The most important functionality for tries is the retrieval. The packages [2,3] provide several retrieval functions that have different outcomes.

jSubTr = JavaTrieRetrieve[jTr, Characters@"ba"];

"JavaTrieRetrieve-{b,a}"

We can examine the obtained sub-trie by finding the root-to-leaves paths.

JavaTrieRootToLeafPaths[jSubTr] // Grid

"JavaTrieRootToLeafPaths-jSubTr"

JavaTrieContains[jTr, Characters@#] & /@ {"ba", "bar", "bard"}

(* {False, True, False} *)

The function JavaTrieCompleteMatch finds does the prefix of a given word that is in the trie is also a complete word.

JavaTrieCompleteMatch[jTr, Characters@#] & /@ {"ba", "bar", "bard"}

(* {False, True, True} *)

To get the words that have a certain prefix we can use the function JavaTrieGetWords.

ColumnForm@JavaTrieGetWords[jTr, Characters@#] & /@ {"ba", "ca"}

"JavaTrieGetWords-ba-ca"

Shrinking

One of the most beneficial and interesting operations over a trie is to shrink it in order to expose its prefixes.
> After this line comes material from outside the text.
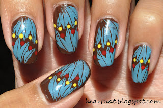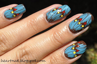 Can you believe it, this is my one and only brown nail polish! I just got it last week in my haul and really wanted to try it. I like it a lot! This is 3 coats of O.P.I. Suzi Loves Cowboys from their Texas Collection. It looks like I melted down a chocolate bar and painted my nails with it, yum! I wanted to use a bright color to stamp on this one and I had the perfect idea-- a Pocahontas/Native American inspired theme. I stamped using BM 214 in Konad Sky Pearl. Then I added dots using China Glaze Happy Go Lucky and China Glaze Hey Sailor. The stamping isn't done as well as my other manis, but it's a little harder with less intricate designs. I kept scraping more polish off than I wanted to. I still totally love the way this looks though!
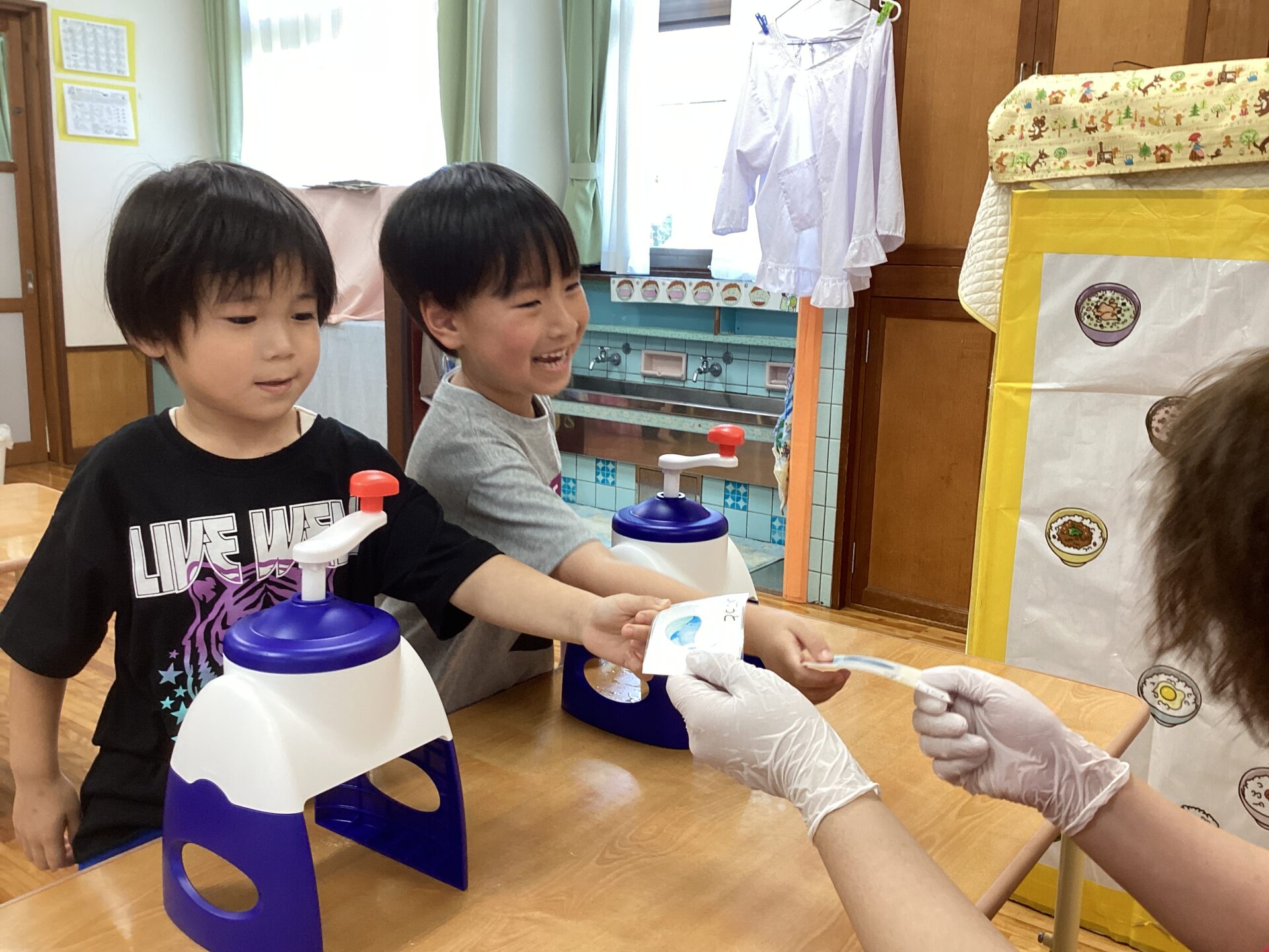 チケットを受け取ると「かきごおりください!」と伝えたり、作りたいの!というようにチケットを差し出したり姿が見られています🎫

This done with the function JavaTrieShrink.

JavaTrieComparisonGrid[{jTr, JavaTrieShrink[jTr]}, ImageSize -> 350]

"JavaTrieShrink"

We can do the trie shrinking by inserting a string between the joined node keys.
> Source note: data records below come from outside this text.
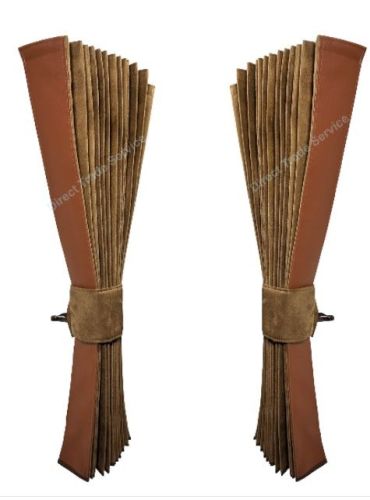 • Rideaux BRUN • Fini avec un bandeau en cuir brun • Déjà plié • Hauteur 2x 90 cm • Longueur 2x 240 cm • 2 accroches rideaux • 2 franges • Crochets pour suspendre les rideaux NON inclus
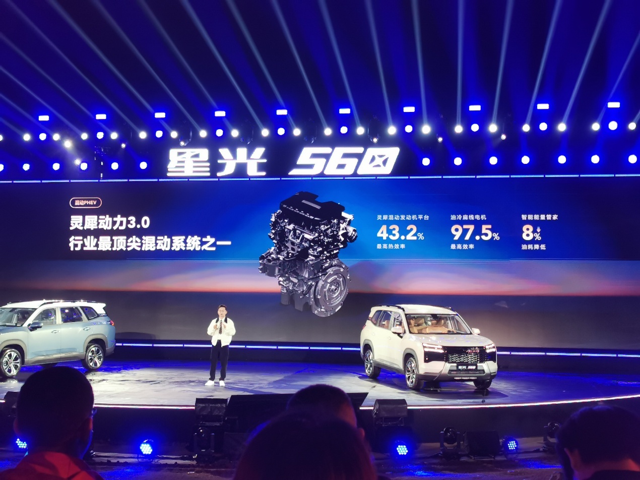 插混版采用灵犀动力3.0技术,搭载1.5L自然吸气发动机与10合1混动电驱系统,发动机最大功率78kW,最高热效率达43.2%,驱动电机最大功率145kW,峰值扭矩230N·m,匹配20.5kWh磷酸铁锂电池组,CLTC纯电续航125km,满油满电综合续航超1100km,亏电油耗仅5.3L/100km。
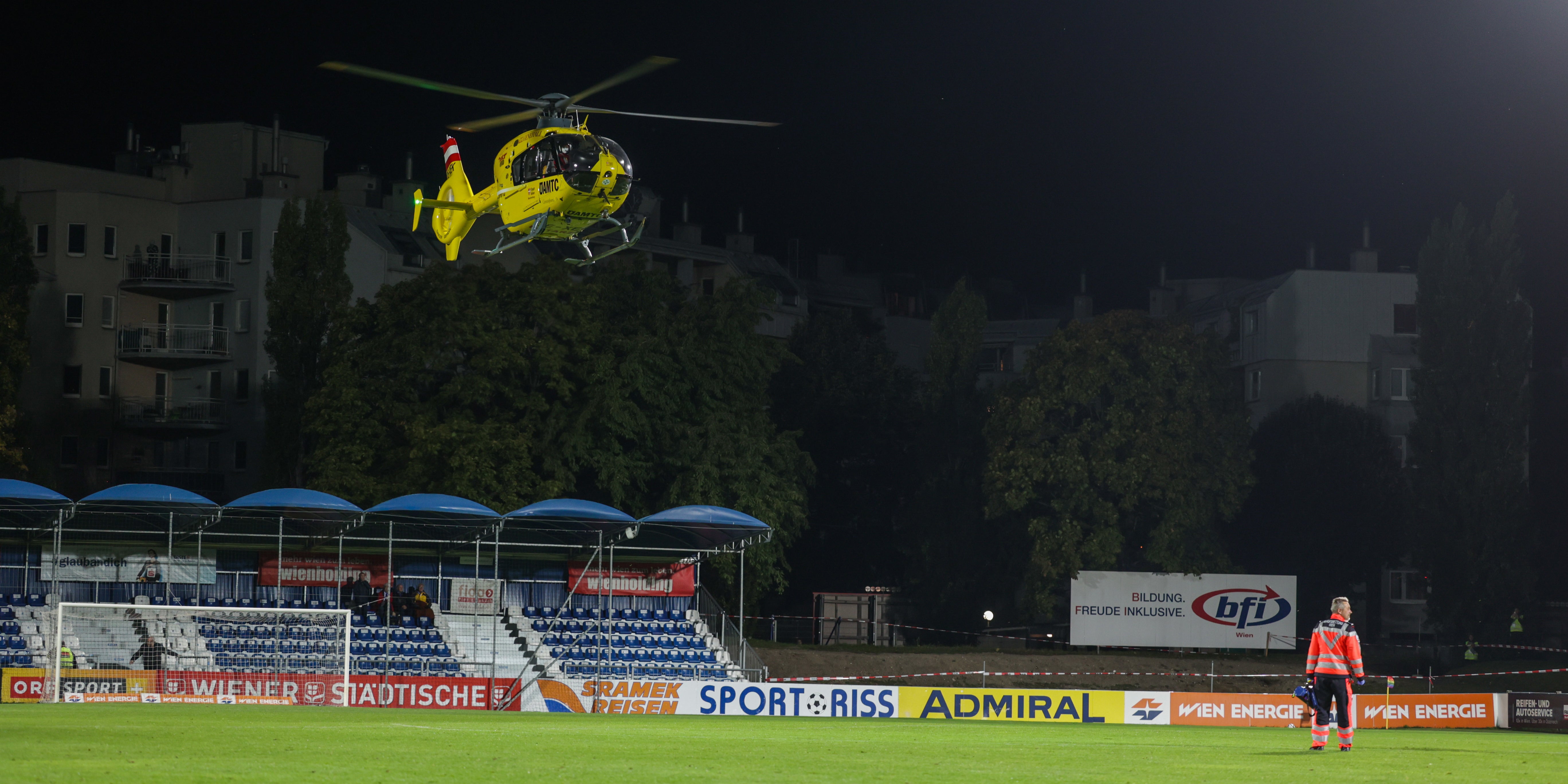So etwas sieht man auch nicht alle Tage! Im 2. Liga-Spiel im Wien-Floridsdorf zwischen dem FAC und SK Vorwärts Steyr landete mitten in der 2. Halbzeit ein Rettungshubschrauber auf dem Spielfeld des FAC-Platzes. Wie der Stadionsprecher mitteilte, handelte es sich aber nicht um einen Zwischenfall im Stadion, sondern in der Umgebung des Stadions.

JavaTrieComparisonGrid[{jTr, JavaTrieShrink[jTr, "~"]}, ImageSize -> 350]

"JavaTrieShrink-tilde"

The shrinking can be done based on a threshold specification, given as a third argument to JavaTrieShrink.

JavaTrieComparisonGrid[{jTr, JavaTrieShrink[jTr, "", 2]}, ImageSize -> 350]

"JavaTrieShrink-2"

Note that for given frequencies trie the threshold shrinking produces different prefixes for the corresponding probabilities trie.
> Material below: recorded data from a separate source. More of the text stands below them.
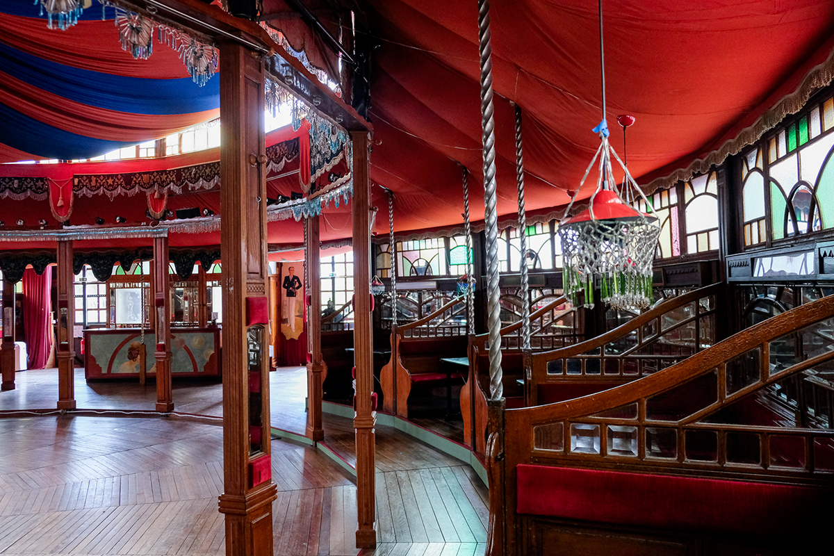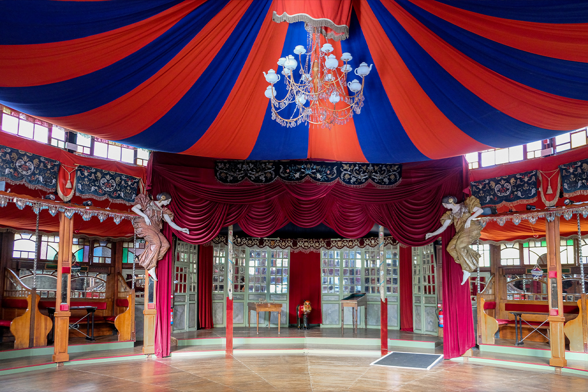 On en compte seulement six dans le monde qui soient d’origine, dont celui-ci. Datant de 1924, il est entièrement en acajou. A l’image des carrousels-salons qui amenaient la fête foraine de ville en ville, « cathédrales laïques qui eussent été classées si elles n’avaient été nomades », les « Magic Mirrors » apportaient la danse et la fête dans les villages.
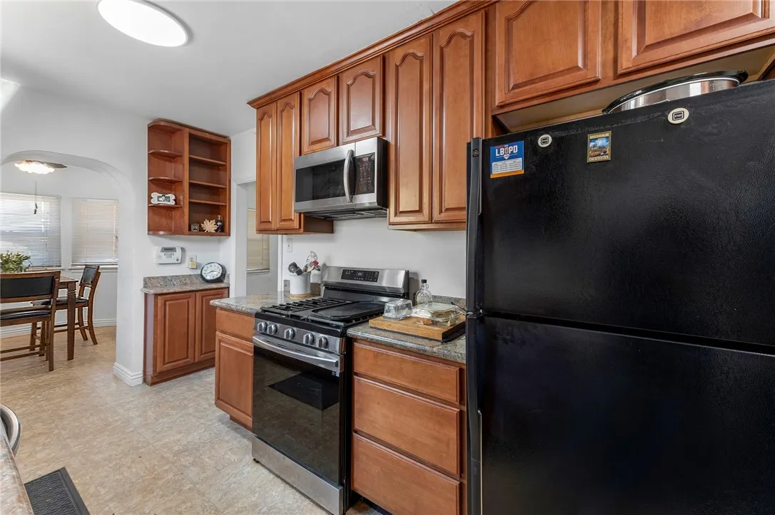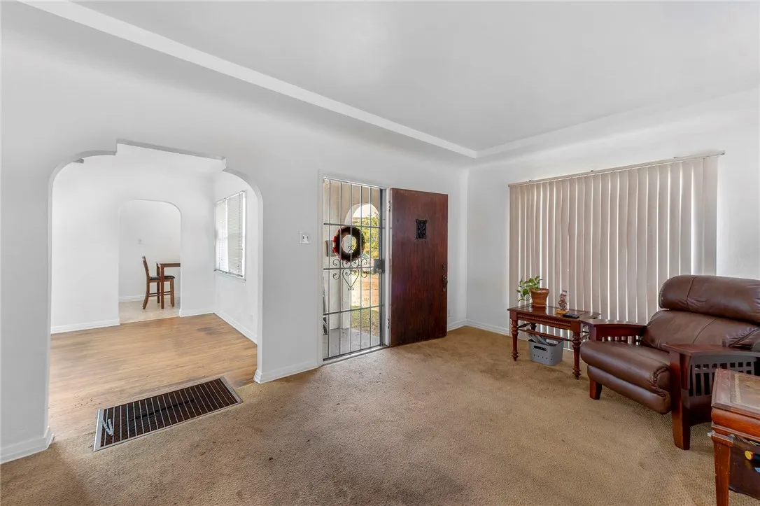 Charming Spanish Tudor-style 3-bedroom home offering 1,312 square feet of living space filled with timeless character and thoughtful updates. Features include beautifully crafted arches, built-ins, real oak hardwood floors, fresh interior and exterior paint, newer light fixtures, and a remodeled kitchen and bath. The spacious living room is highlighted by a large picture window that fills the home with natural light, while the formal dining room and delightful breakfast nook with built-ins showcase storybook-style architectural charm. The spacious primary bedroom offers generous proportions and a walk-in closet. An inside laundry room and multiple hallway closets add everyday convenience. Situated on a 5,345 square foot lot, the private backyard features fruit trees and a charming patio area. A rare detached 4-car garage with alley access provides outstanding convenience, abundant parking, and excellent potential for ADU conversion, workshop space, storage, or other future value-added use (buyer to verify). All of this is set on a beautiful tree-lined street near shopping and with easy access to the 91 Freeway.
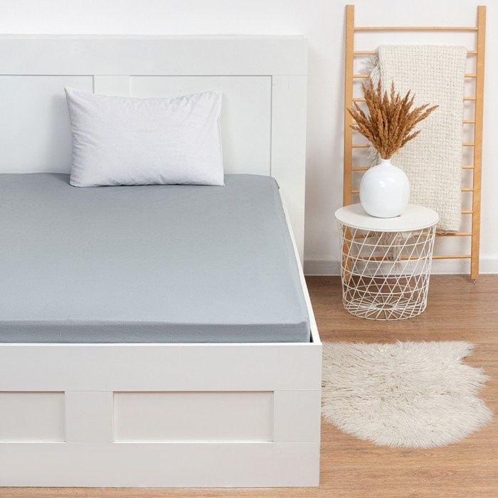 Простыня на резинке Этель 160*200*25 см, цв. серый, 100% хлопок, бязь, 125 г/м²
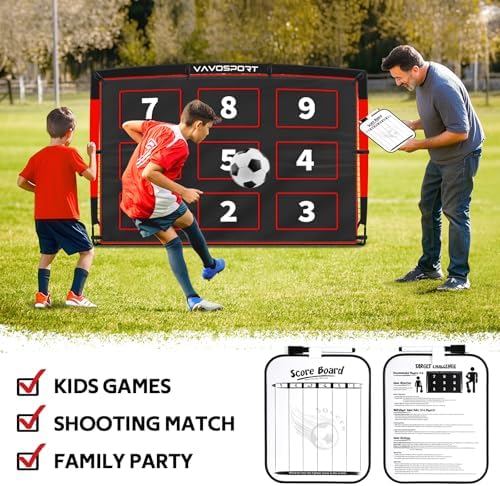 Foldable & Portable Backyard Soccer Goal: Get ready to kick off the fun in just seconds! Simply pop, snap, and play. This soccer net set transforms your backyard, park, or beach into a soccer field for exciting matches. The lightweight design makes it easy to carry, even for kids to grab and go. Unlike basic soccer nets, the 9-zone target soccer goals for backyard creates soccer challenges while the scoreboard game tracks classic soccer battles!

JavaTrieComparisonGrid[{JavaTrieNodeProbabilities[jTr], 
  JavaTrieShrink[JavaTrieNodeProbabilities[jTr], "", 0.8]}, 
 ImageSize -> 350]

"JavaTrieNodeProbabilties-JavaTrieShrink-0.8"

Removal functionalities

There are several functions for removing nodes from tries.

function usage
JavaTrieRegexRemove Removes nodes that have keys adhering to a regex expression.
JavaTrieThresholdRemove Removes nodes that have values below (or above) a threshold.
JavaTrieParetoFractionRemove Removes nodes that have values below (or above) thresholds derived from a specified Pareto fraction.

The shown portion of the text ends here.